Erika sat up too fast and felt dizzy again. "Why not? If all of us
check out clean, what are they worried about?"
"The Daedalus construction," he said. "They still don't know what it
is, and they're terrified. It looks almost finished and they're afraid we've
all been ... well, _possessed_ by the aliens. They don't know what the
nanomachine infestation did to us. And neither do we."
--------
*CHAPTER 24*
ANTARCTICA -- NANOTECHNOLOGY ISOLATION LAB
When Kent Woodward woke up, he did so fully and completely, as if he
was a machine suddenly switched on. With a blink of his eyes, the bright
surroundings came to him like a snapshot projected on a dark screen. He felt
no fatigue, no soreness, only a persistent buzzing in his head, a singing
thunderstorm of white noise chewing at the back of his thoughts.
He blinked his eyes again and sat up.
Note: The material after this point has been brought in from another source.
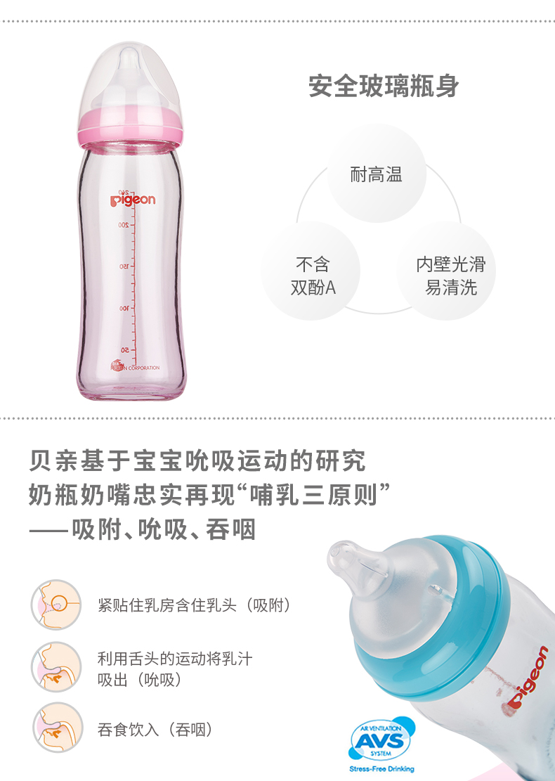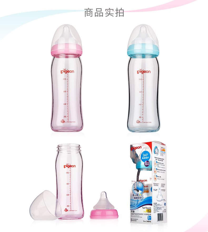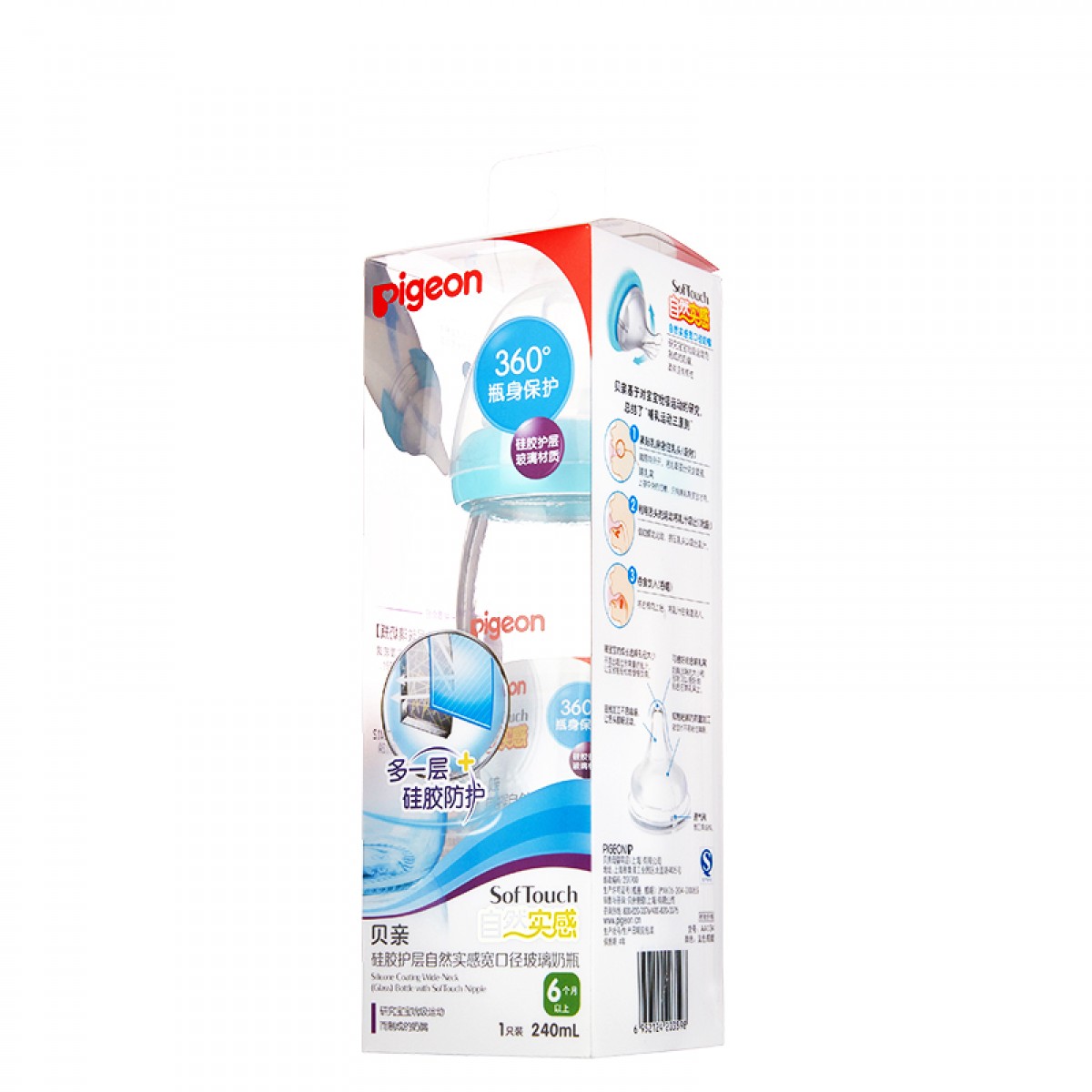 贝亲 硅胶护层宽口径玻璃奶瓶240ml配M/L号奶嘴

His entire body felt as if it
were crawling with the pins-and-needles sensation of having circulation cut
off during a deep sleep. Every one of Kent's nerve endings screamed.
He found himself in a clean white room, filled with glass surfaces,
porcelain, stainless steel. _A UFO came down and kidnapped me!_ he thought. He
saw the work tables, a line of stereoscreen and flatscreen workstations,
various pieces of analytical hardware. Rising through the center of the room
like some high-tech Roman column stood a transparent cylinder filled with
milky liquid; metal conduits and conduction strips lined the walls of the
cylinder. A control bank sat at the bottom.
On one of the worktables rested a wire-mesh cage that held a white lab
rat. Oblivious to Kent, the rat scuttled around and sniffed its food dish.
Along the ceiling he noticed cameras staring at him.
Everything clicked together at once. He was in the Nanotech Isolation
Lab. Alone.
The next chunk of information dropped into his mind. He remembered the
blizzard, the unseen crevasse, the crash of the rover. He had been barely
conscious, bleeding. Pain crushed him from the inside out, and impossible cold
gnawed at him.
He had known he was going to die, but he sent out a distress call
anyway. Someone, a garbled voice, had answered. But nobody could have rescued
him. Not in that storm, not so far away, not with his injuries. He hadn't had
a chance!
"So, Kent, I observe that you are awake. Welcome back to us!"
Turning, he saw Jordan Parvu standing on the other side of the
observation windows. Parvu fluttered his hands in the fidgety way that
indicated how anxious he was. Relief washed over Kent as he saw the old
scientist. The scenario did make sense now, at least a little bit. Everything
was under control.
He remembered getting the extra set of snow samples for Parvu, though
the doctor hadn't asked for them. Kent had done that on his own initiative,
sure. He was bored. He wanted something to do -- and gathering samples gave
him a legitimate reason to poke around. He had ignored the increasing storm.
Right now, even he had to admit it was a pretty stupid idea.
"So tell me, please -- how do you feel?" Parvu placed his hands against
the outer glass, as if to get a better view ... or to steady himself.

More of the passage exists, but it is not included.